• Exercise:
The entries below contain pictures, which are to be left out; write out exactly, and only, the lines from the line with "在怒江上游峽谷聚居的傈僳村寨" up to and including the line with "名前の通りよく咲き、花盛りの".

• Task input:
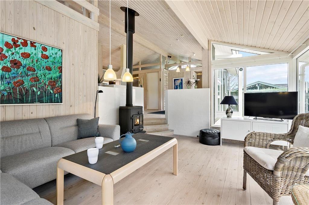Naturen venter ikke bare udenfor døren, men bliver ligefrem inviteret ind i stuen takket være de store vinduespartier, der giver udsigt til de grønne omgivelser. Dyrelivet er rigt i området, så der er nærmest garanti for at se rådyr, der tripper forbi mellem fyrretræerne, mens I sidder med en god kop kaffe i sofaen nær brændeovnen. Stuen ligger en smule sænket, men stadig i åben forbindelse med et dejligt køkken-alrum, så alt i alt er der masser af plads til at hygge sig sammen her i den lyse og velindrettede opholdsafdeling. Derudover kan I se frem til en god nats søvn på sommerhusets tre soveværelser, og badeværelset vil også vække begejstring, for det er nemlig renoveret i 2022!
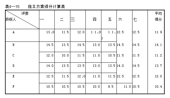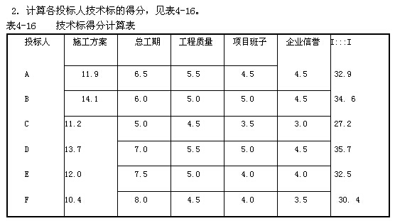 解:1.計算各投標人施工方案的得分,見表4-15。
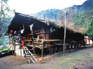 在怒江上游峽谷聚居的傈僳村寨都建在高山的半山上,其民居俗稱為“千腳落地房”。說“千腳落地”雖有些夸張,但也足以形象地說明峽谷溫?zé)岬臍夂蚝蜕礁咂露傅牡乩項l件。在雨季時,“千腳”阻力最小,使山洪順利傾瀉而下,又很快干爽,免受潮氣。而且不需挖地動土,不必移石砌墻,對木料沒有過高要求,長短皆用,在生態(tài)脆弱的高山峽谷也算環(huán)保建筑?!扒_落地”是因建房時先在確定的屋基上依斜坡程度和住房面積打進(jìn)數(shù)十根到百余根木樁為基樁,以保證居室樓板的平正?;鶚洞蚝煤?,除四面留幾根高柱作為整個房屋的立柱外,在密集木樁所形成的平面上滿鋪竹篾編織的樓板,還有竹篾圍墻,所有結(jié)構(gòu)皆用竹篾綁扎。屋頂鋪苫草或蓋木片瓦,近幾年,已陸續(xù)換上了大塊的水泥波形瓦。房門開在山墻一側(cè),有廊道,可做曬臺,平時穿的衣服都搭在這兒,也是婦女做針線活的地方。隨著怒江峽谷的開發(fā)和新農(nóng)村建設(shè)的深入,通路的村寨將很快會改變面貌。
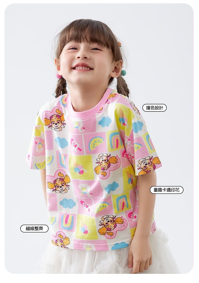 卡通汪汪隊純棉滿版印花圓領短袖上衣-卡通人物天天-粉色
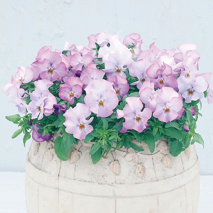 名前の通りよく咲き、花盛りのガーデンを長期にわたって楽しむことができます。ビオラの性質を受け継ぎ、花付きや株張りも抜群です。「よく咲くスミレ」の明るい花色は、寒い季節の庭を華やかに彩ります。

...

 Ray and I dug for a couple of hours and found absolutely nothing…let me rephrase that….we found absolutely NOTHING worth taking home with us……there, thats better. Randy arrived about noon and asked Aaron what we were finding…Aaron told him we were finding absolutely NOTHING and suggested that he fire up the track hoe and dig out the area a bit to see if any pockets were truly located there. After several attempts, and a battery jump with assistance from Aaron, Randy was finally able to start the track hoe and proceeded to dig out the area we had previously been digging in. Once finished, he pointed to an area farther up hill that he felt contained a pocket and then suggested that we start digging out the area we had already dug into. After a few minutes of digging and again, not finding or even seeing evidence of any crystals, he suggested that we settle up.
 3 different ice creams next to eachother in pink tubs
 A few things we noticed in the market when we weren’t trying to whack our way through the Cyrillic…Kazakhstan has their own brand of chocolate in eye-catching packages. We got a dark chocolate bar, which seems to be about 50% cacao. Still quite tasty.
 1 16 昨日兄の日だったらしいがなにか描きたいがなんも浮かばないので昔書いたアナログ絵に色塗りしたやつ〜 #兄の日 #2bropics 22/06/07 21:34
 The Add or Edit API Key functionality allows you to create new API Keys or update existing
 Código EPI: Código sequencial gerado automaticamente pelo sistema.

• Response area:
 在怒江上游峽谷聚居的傈僳村寨都建在高山的半山上,其民居俗稱為“千腳落地房”。說“千腳落地”雖有些夸張,但也足以形象地說明峽谷溫?zé)岬臍夂蚝蜕礁咂露傅牡乩項l件。在雨季時,“千腳”阻力最小,使山洪順利傾瀉而下,又很快干爽,免受潮氣。而且不需挖地動土,不必移石砌墻,對木料沒有過高要求,長短皆用,在生態(tài)脆弱的高山峽谷也算環(huán)保建筑?!扒_落地”是因建房時先在確定的屋基上依斜坡程度和住房面積打進(jìn)數(shù)十根到百余根木樁為基樁,以保證居室樓板的平正?;鶚洞蚝煤?,除四面留幾根高柱作為整個房屋的立柱外,在密集木樁所形成的平面上滿鋪竹篾編織的樓板,還有竹篾圍墻,所有結(jié)構(gòu)皆用竹篾綁扎。屋頂鋪苫草或蓋木片瓦,近幾年,已陸續(xù)換上了大塊的水泥波形瓦。房門開在山墻一側(cè),有廊道,可做曬臺,平時穿的衣服都搭在這兒,也是婦女做針線活的地方。隨著怒江峽谷的開發(fā)和新農(nóng)村建設(shè)的深入,通路的村寨將很快會改變面貌。
 卡通汪汪隊純棉滿版印花圓領短袖上衣-卡通人物天天-粉色
 名前の通りよく咲き、花盛りのガーデンを長期にわたって楽しむことができます。ビオラの性質を受け継ぎ、花付きや株張りも抜群です。「よく咲くスミレ」の明るい花色は、寒い季節の庭を華やかに彩ります。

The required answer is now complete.